• _Task requirements_:
Reproduce exactly only the lines from the line that holds "Step outside to" to the line that holds "Del 26 al 31", inclusive, in the listing below, and please leave out every picture.

• _Collected data_:
------------

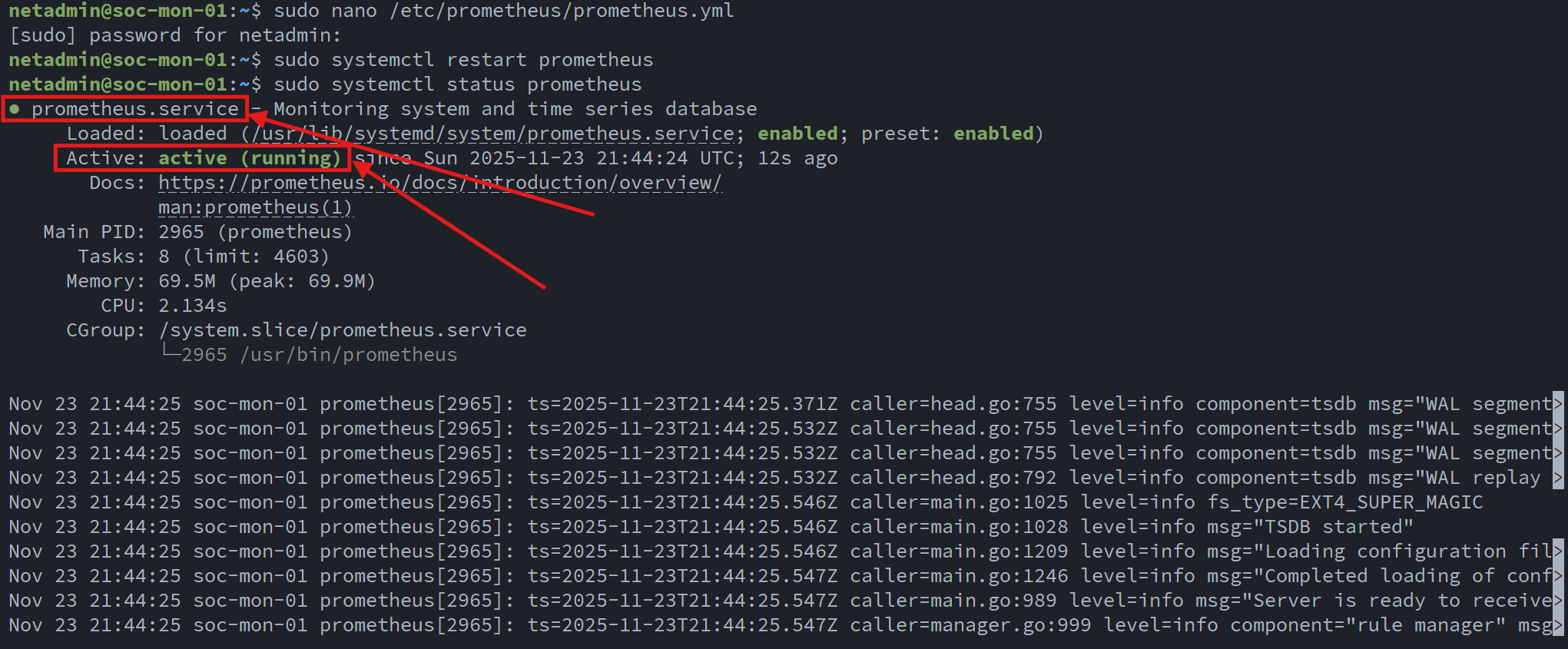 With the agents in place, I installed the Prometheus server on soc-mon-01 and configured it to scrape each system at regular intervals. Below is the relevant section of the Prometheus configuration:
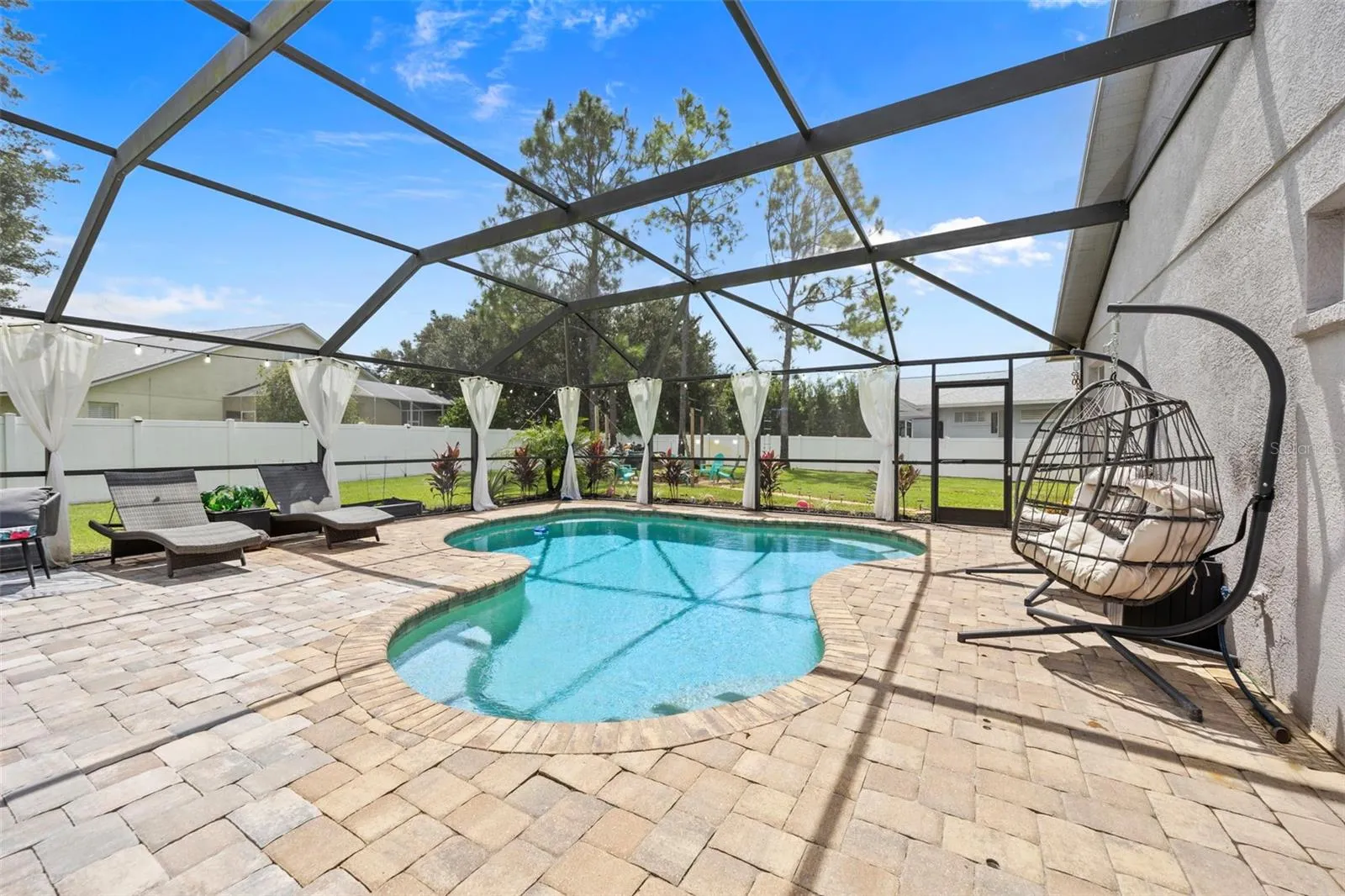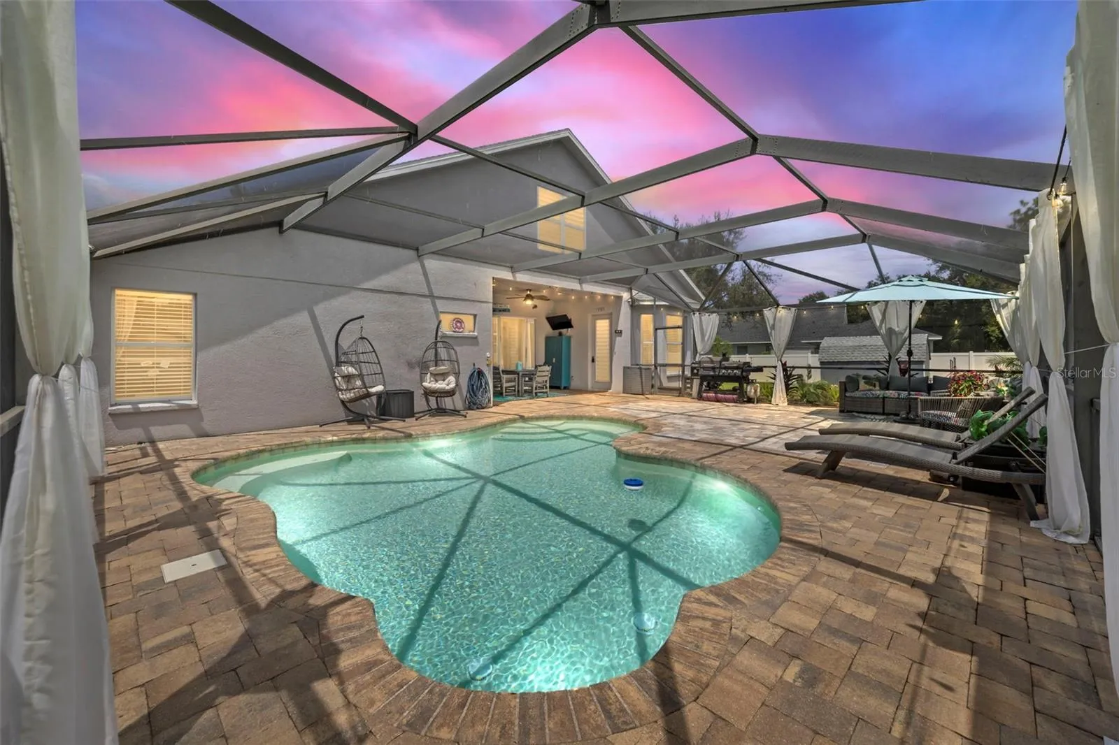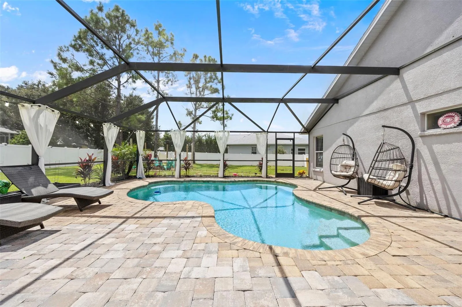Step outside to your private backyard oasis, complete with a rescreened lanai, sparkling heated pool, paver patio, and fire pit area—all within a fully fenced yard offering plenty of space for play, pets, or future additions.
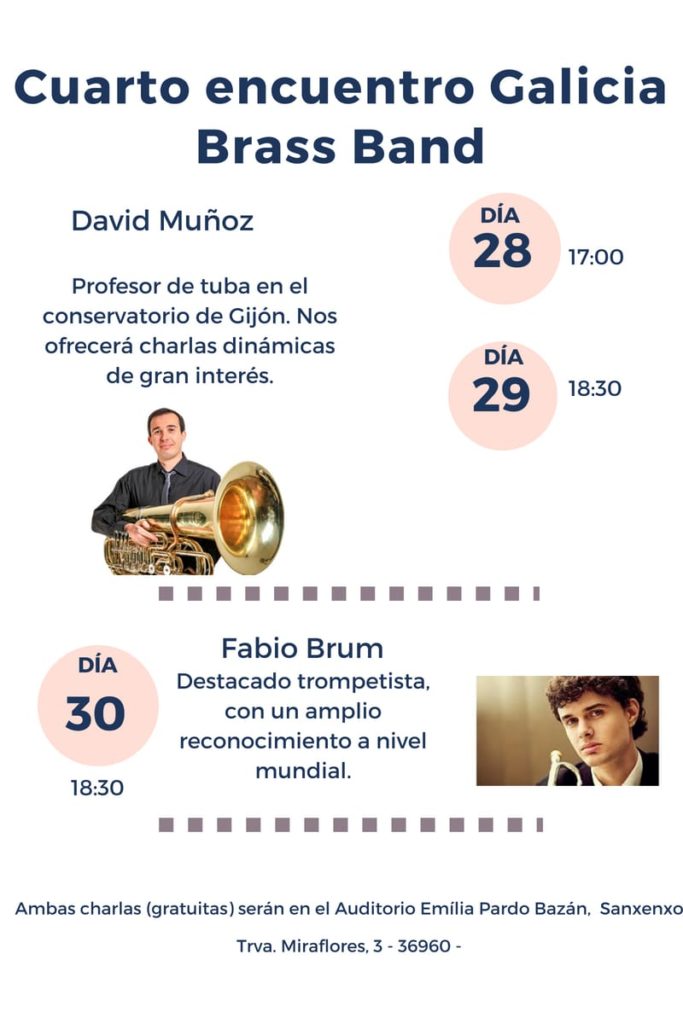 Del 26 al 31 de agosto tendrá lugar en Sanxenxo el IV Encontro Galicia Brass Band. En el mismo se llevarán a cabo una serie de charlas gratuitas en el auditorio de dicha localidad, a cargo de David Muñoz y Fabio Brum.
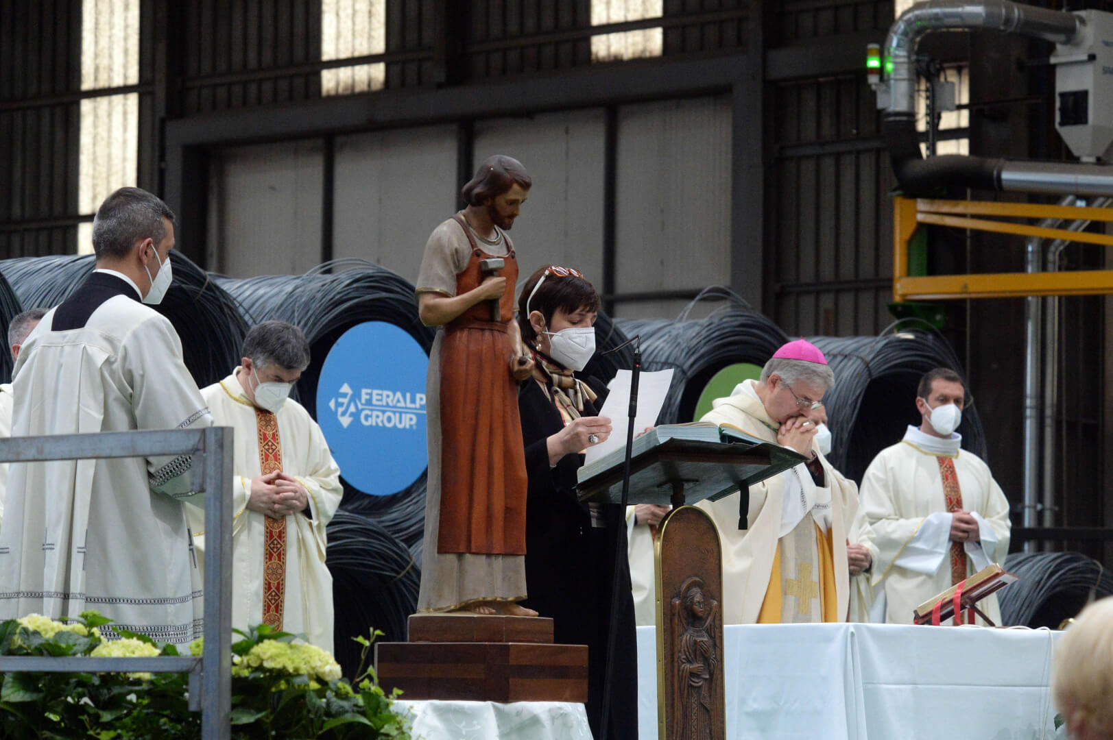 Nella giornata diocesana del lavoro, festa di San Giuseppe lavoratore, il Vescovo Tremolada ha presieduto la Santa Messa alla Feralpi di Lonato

------------

• _Reply to the task_:
Step outside to your private backyard oasis, complete with a rescreened lanai, sparkling heated pool, paver patio, and fire pit area—all within a fully fenced yard offering plenty of space for play, pets, or future additions.
 Del 26 al 31 de agosto tendrá lugar en Sanxenxo el IV Encontro Galicia Brass Band. En el mismo se llevarán a cabo una serie de charlas gratuitas en el auditorio de dicha localidad, a cargo de David Muñoz y Fabio Brum.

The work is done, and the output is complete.